New issue
Advanced search Search tips
Note: Color blocks (like or ) mean that a user may not be available. Tooltip shows the reason.

Issue 762283 link

Starred by 1 user

Issue metadata

Status: Fixed
Owner:
Last visit > 30 days ago
Closed: Jan 2018
Cc:
Components:
EstimatedDays: ----
NextAction: ----
OS: Chrome
Pri: 3
Type: Bug



Sign in to add a comment

dev-libs/nss build problems on sdk builder

Project Member Reported by bmgordon@chromium.org, Sep 5 2017

Issue description

dev-libs/nss-3.30.2-r1 has to be built twice on the chromiumos-sdk builders.  The second build consistently succeeds, but wastes around 1-2 min out of 33 in the InitSDK stage.

Example output:
http://uberchromegw/i/chromiumos/builders/chromiumos-sdk/builds/8121/steps/InitSDK/logs/stdio

Probably needs a dependency corrected.
 

Comment 1 by vapier@chromium.org, Oct 31 2017

Cc: vapier@chromium.org
Labels: Build-Toolchain
might be related to a parallel build issue, or maybe mixing of toolchains.  focusing on just certhtml.c.

the compile line is here:
x86_64-pc-linux-gnu-clang -o Linux2.6_x86_64_clang-5.0_glibc_PTH_64_OPT.OBJ/certhtml.o -c ...
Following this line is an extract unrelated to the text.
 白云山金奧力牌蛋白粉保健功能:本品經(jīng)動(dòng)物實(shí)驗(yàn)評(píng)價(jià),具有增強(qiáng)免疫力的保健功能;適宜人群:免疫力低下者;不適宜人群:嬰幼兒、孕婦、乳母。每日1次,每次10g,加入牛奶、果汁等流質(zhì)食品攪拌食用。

the static lib line is here:
x86_64-pc-linux-gnu-ar rc ... Linux2.6_x86_64_clang-5.0_glibc_PTH_64_OPT.OBJ/certhtml.o ...

the shared lib line is here:
x86_64-pc-linux-gnu-clang -shared ... ../certhigh/Linux3.13_x86_gcc.real_glibc_PTH_DBG.OBJ/certhtml.o ...
clang-5.0: error: no such file or directory: '../certhigh/Linux3.13_x86_gcc.real_glibc_PTH_DBG.OBJ/certhtml.o'

notice how the object dir in the first lines have "clang-5.0" but the last one has "gcc.real".  something has gone wrong in there.
nss.log
370 KB View Download
I ran into a similar problem recently in bisecting nss. nss uses compiler name in the object files (why?).
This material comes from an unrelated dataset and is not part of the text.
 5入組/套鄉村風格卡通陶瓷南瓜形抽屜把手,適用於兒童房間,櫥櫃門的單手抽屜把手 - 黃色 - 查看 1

Now this particular build fail means compiler was changed from gcc to clang while nss was being built and it somehow detected this and messed up things. 
I've been poking at this a bit.  The problem doesn't seem to be a bad dependency after all.  It seems to be that sys-apps/sandbox gets upgraded from 2.6 to 2.11 while dev-libs/nss is being compiled.  I've tried a couple of different ways of making sure sandbox isn't built at the same time as nss, and they all fix the problem.

Since the sandbox is fairly fundamental to portage, it seems like it might be a good idea to make sure it gets upgraded separately from the rest of the build.  Any ideas on how to do that?  I was considering having make_chroot emerge it upfront like a few of the other tools.
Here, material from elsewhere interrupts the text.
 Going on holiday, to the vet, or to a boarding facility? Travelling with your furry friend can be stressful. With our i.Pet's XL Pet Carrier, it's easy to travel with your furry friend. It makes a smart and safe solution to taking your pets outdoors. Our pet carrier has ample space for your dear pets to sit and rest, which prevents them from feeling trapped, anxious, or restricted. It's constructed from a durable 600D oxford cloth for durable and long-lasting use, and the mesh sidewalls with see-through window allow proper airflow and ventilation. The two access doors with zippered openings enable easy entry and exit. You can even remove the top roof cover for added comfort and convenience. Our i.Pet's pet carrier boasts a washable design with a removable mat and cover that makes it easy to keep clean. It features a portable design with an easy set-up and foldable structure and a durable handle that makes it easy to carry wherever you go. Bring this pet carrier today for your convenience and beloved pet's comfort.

Comment 4 by vapier@chromium.org, Nov 23 2017

the way sandbox is implemented, upgrading it while in use shouldn't be a problem.  its "API" are env vars and so should hand of seamlessly.  once the library is loaded into memory, it should be stable.

how are you testing things ?  just launching sdk bots ?  or some set of local emerges ?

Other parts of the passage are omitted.